A thing that most of us have heard is that immortality is achieved by being remembered.  Let our deeds reverberate through the ages, for it is in glory that we achieve eternal life.  Ideally we would all be Vikings/Klingon warriors/Nobel prize winners.

This can be a truly comforting thought, especially for those of us who hope that there is something beyond the grave but are not convinced of an afterlife.

To remember our loved ones keeps them present in our lives, and the thought of being remembered brings us great comfort as we contemplate our legacy.


Sometimes, this notion can hurt.  When we don’t remember much of someone we love (someone we wish we loved, someone we never had the chance to love, someone we used to love, someone we think we should have loved) it can feel as if we are consigning them to oblivion.  It is so easy to fall into the trap of thinking that we owe it to our people to remember them in a certain way, and if those memories don’t exist we tell a story about how we have failed them.
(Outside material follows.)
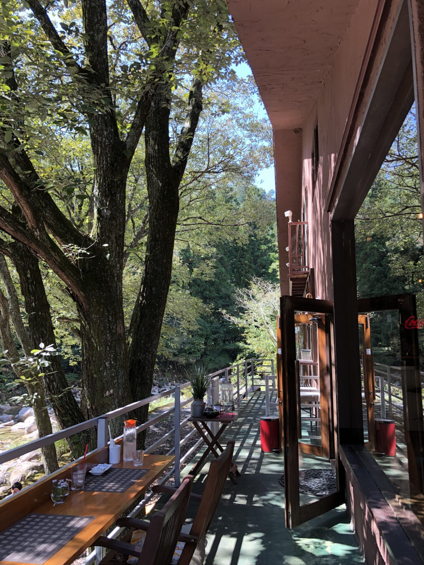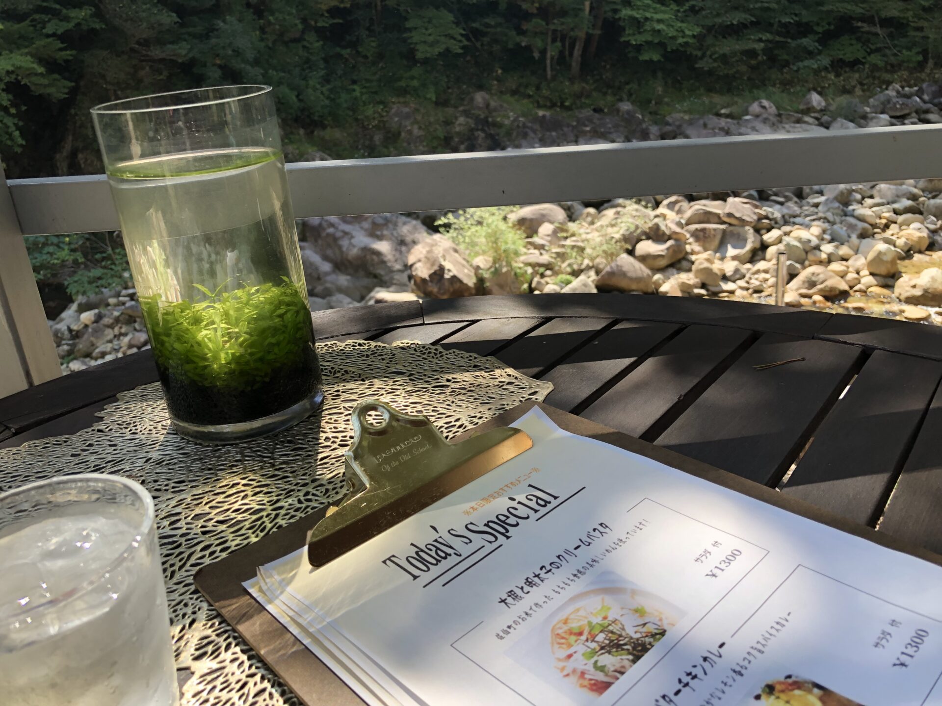 広々とした店内は開放感に溢れ、テラスに出ると目の前は森と川のみ。

This can be especially difficult for people who, due to trauma or neurodivergence, don’t have all that many memories of anything from certain times in their lives.  Sometimes feeling that we owe our people memories can lead to feeling broken when we cannot remember.

And sometimes, our memories don’t cooperate.  For many younger people, we remember moments of pain more than moments of bliss.  It makes sense; we need to collect information about what is dangerous in order to make it to old age.  As we gain experience and perspective, it becomes easier for many people to view the past as a complex tapestry of good times and bad rather than a series of crises.  So when the memories that we recall most are of things we’d rather forget, sometimes we fall into the trap of thinking that we are failing their legacy rather than simply having human brains that are trying so hard to keep us safe.

So.  My hope is that memories of me are like ripples in a pond that spread from a fallen leaf.  May my life leave the world a little more lovely as my deeds fade into the mist.  May no one fear that they have failed me in the forgetting.

We all have permission to forget, and you have not failed if you do not remember.